SUPPLIED MATERIAL below:

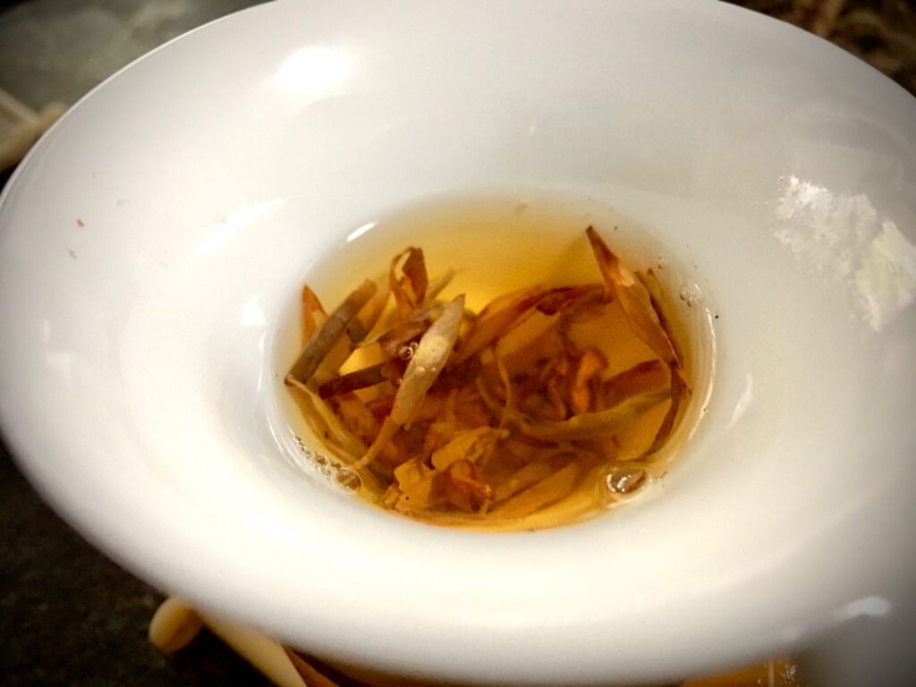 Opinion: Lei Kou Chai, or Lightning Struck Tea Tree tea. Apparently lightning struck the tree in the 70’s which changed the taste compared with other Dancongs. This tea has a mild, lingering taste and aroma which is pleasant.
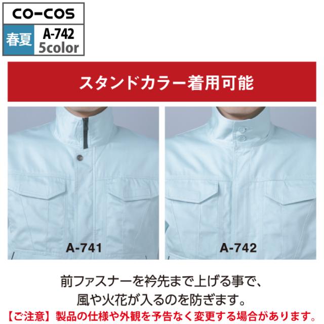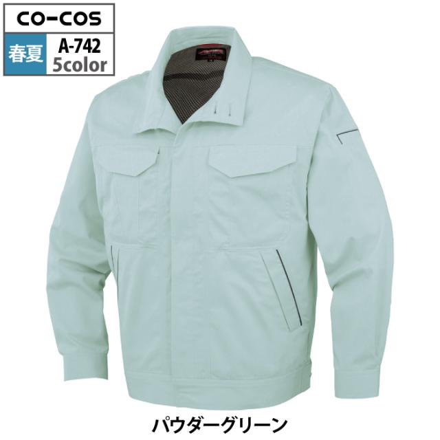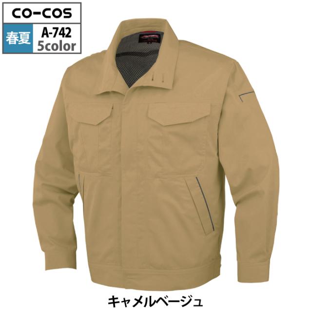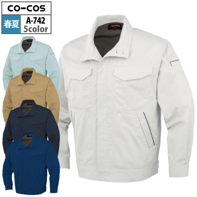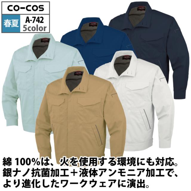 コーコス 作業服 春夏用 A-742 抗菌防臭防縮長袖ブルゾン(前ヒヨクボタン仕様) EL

End of SUPPLIED MATERIAL.
SUPPLIED MATERIAL below:

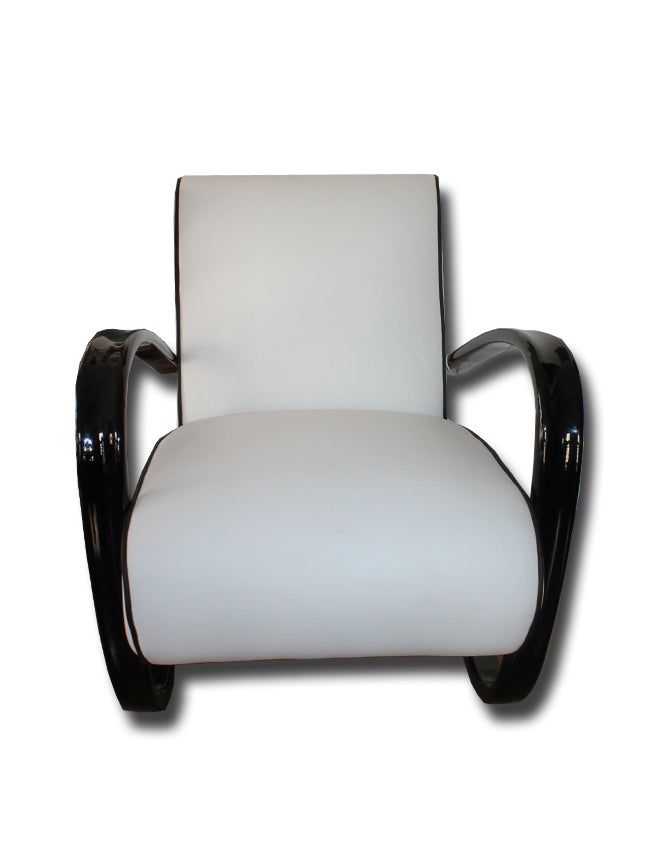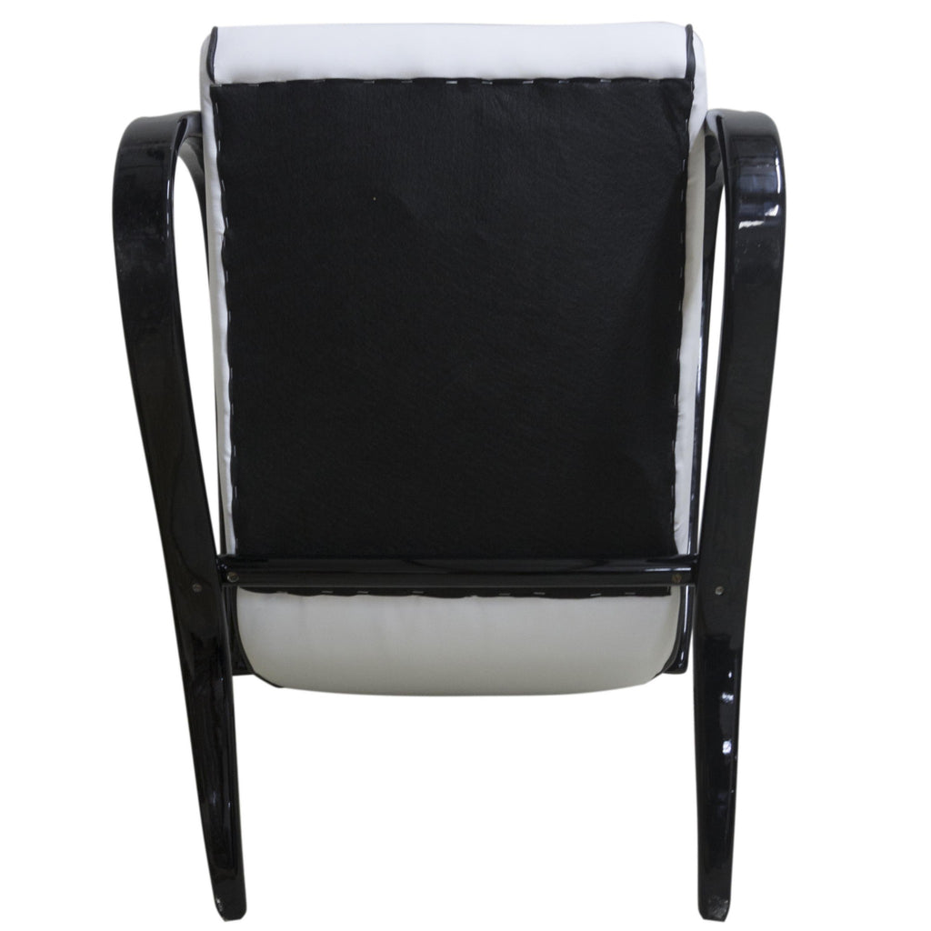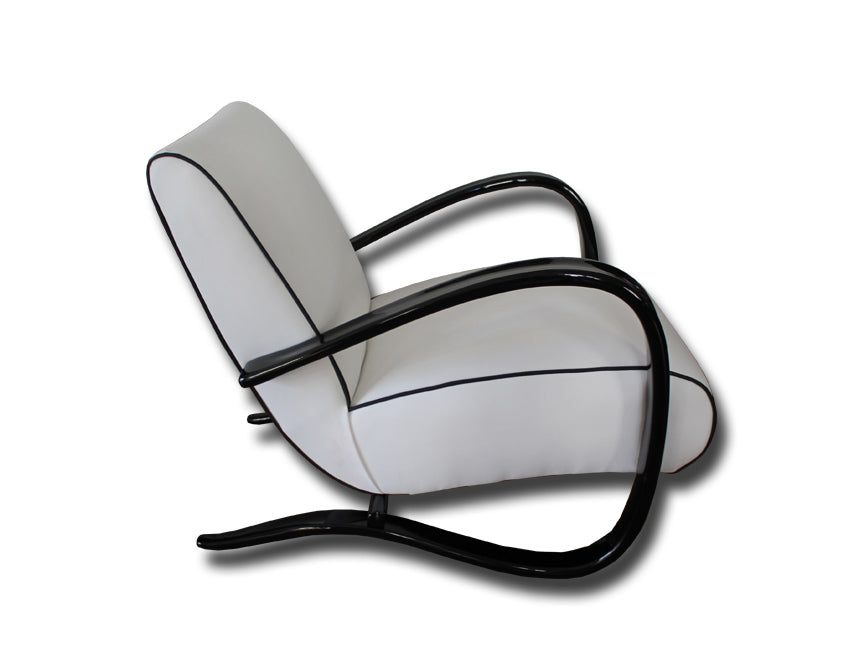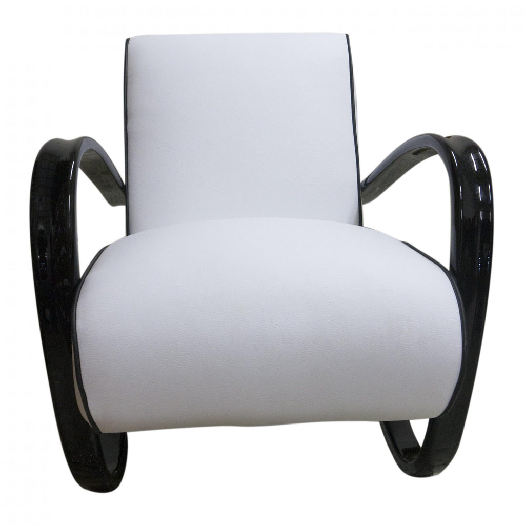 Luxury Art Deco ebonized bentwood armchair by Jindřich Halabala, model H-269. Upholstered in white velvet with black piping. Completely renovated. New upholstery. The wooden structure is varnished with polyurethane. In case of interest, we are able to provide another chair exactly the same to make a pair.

End of SUPPLIED MATERIAL.

▶ WORK TO COMPLETE
Only the lines above from the one with "Opinion: Lei Kou" to the one with "コーコス 作業服 春夏用" should be printed, both included and exactly as written; no picture belongs in the copy.

▶ ANSWER TO THIS TASK
 Opinion: Lei Kou Chai, or Lightning Struck Tea Tree tea. Apparently lightning struck the tree in the 70’s which changed the taste compared with other Dancongs. This tea has a mild, lingering taste and aroma which is pleasant.
 コーコス 作業服 春夏用 A-742 抗菌防臭防縮長袖ブルゾン(前ヒヨクボタン仕様) EL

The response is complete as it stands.